Thanks, Nhat and Yosry for the discussion. Thank you Nhat, for the
zsmalloc change log reference and for the work arounds!
Following your suggestion in (2), can we pass in the folio's nid from
zswap_store_pages() to zswap_lru_add(), as follows:
diff --git a/mm/zswap.c b/mm/zswap.c
index 263bc6d7f5c6..44665deece80 100644
--- a/mm/zswap.c
+++ b/mm/zswap.c
@@ -694,9 +694,9 @@ static inline int entry_to_nid(struct zswap_entry *entry)
return page_to_nid(virt_to_page(entry));
}
-static void zswap_lru_add(struct list_lru *list_lru, struct zswap_entry *entry)
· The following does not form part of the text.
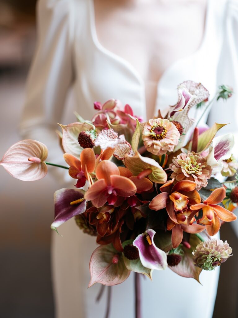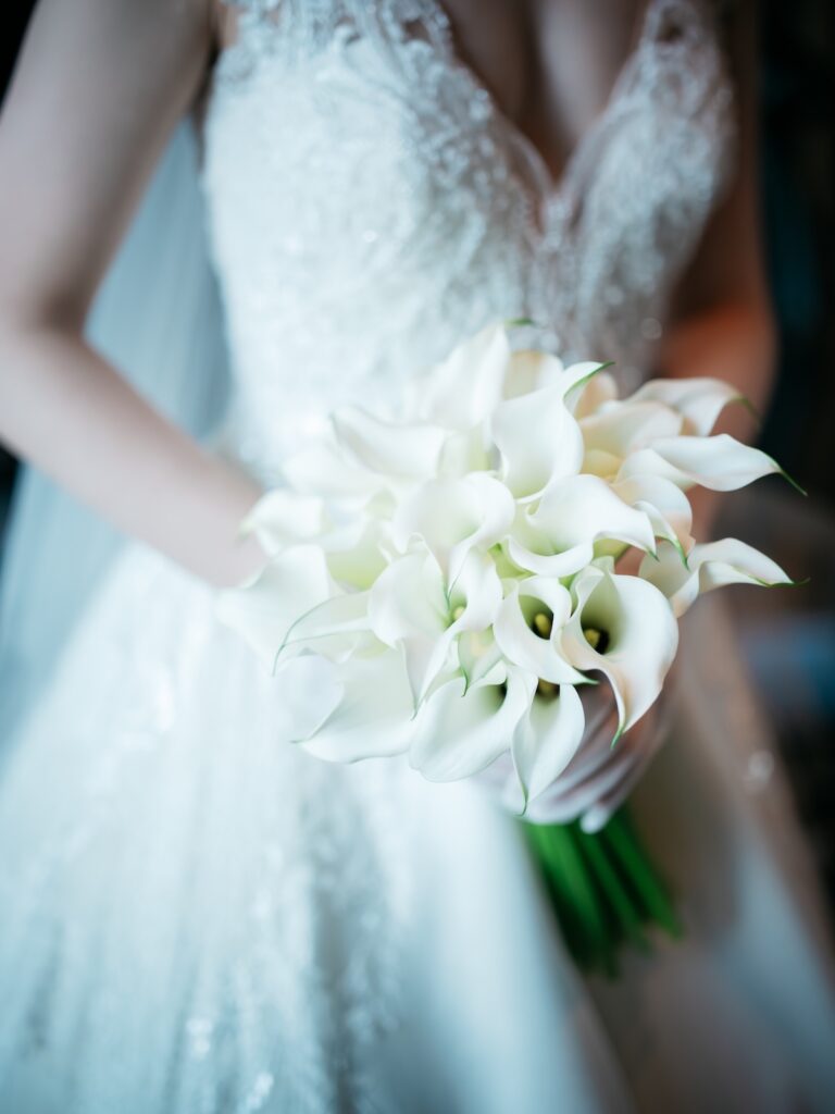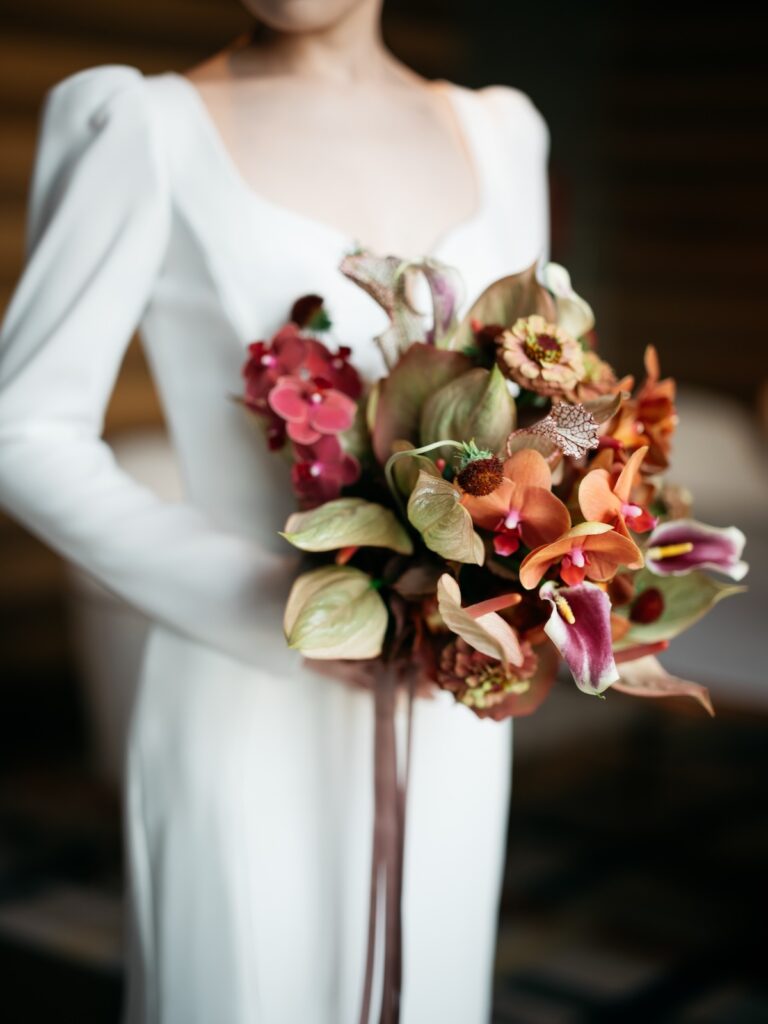 ブーケは挙式ではホワイトカラー、披露宴では胡蝶蘭、アマランサス、そして深みのある赤紫の小花。

+static void zswap_lru_add(struct list_lru *list_lru, struct zswap_entry *entry,
+ int nid)
{
- int nid = entry_to_nid(entry);
struct mem_cgroup *memcg;
/*
@@ -1758,7 +1758,7 @@ static bool zswap_store_pages(struct folio *folio,
* an incoherent entry.
*/
if (likely(entry->length))
- zswap_lru_add(&zswap_list_lru, entry);
+ zswap_lru_add(&zswap_list_lru, entry, nid);
}
return true;
--
I believe this will add the entry to the LRU node of the folio being
compressed. If so, we may be able to avoid adding an int field to
struct zswap_entry?
>
> >
> > > >
> > > > Does it actually matter if we do the initializations here vs. right
> > > > before inserting to the LRU (current behavior)?
> > >
> > > Yes, it impacts batching performance with software quite a bit.
> >
> > Taking a step back, based on discussions in this thread and others, it
> > seems like the performance of zswap_store() is very sensitive to minor
> > changes like this one, calculating the store size, etc.
> >
> > I don't recall this being the case before this patch series. It seems
> > like an artifact of batching affecting performance negatively and
> > a collection of micro-optimizations and "correct" placement of code/data
> > to fix it. This seems to be very fragile.
>
> I agree. This seems troubling.
>
> What's the variance of your benchmark results, Kanchana? I have found
> that kernel build tests can have quite a bit of variance, but is it as
> big as the performance difference of these minor changes (i.e, can it
> explain the "regression")?
I tested the performance difference by not storing "u8 store_batch_size"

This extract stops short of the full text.